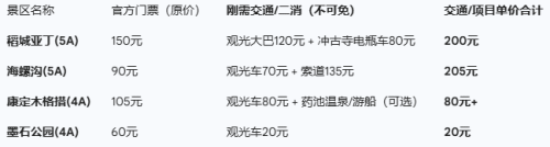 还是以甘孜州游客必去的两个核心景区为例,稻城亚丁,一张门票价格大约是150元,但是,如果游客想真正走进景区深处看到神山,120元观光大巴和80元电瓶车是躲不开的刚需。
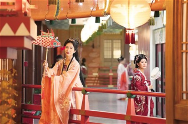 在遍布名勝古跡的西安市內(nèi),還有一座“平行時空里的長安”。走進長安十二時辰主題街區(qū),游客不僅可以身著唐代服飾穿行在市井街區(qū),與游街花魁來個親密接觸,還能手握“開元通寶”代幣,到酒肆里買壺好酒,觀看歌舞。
■ ■ ■ ■ ■
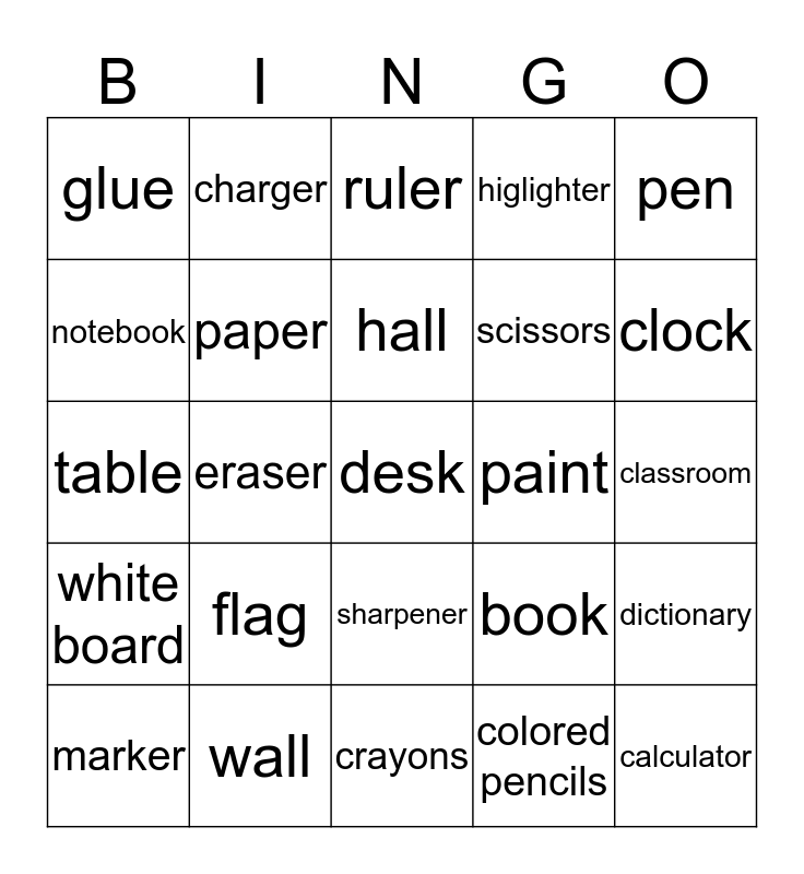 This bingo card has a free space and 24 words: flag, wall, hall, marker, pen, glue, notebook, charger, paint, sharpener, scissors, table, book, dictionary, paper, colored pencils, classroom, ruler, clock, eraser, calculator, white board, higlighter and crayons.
■ ■ ■ ■ ■
» **Task instructions**
Please transcribe exactly the part of the records that opens with the line containing "还是以甘孜州游客必去的两个核" and closes with the line containing "在遍布名勝古跡的西安市內(n", both ends included, and leave out the pictures.

» **Result**
 还是以甘孜州游客必去的两个核心景区为例,稻城亚丁,一张门票价格大约是150元,但是,如果游客想真正走进景区深处看到神山,120元观光大巴和80元电瓶车是躲不开的刚需。
 在遍布名勝古跡的西安市內(nèi),還有一座“平行時空里的長安”。走進長安十二時辰主題街區(qū),游客不僅可以身著唐代服飾穿行在市井街區(qū),與游街花魁來個親密接觸,還能手握“開元通寶”代幣,到酒肆里買壺好酒,觀看歌舞。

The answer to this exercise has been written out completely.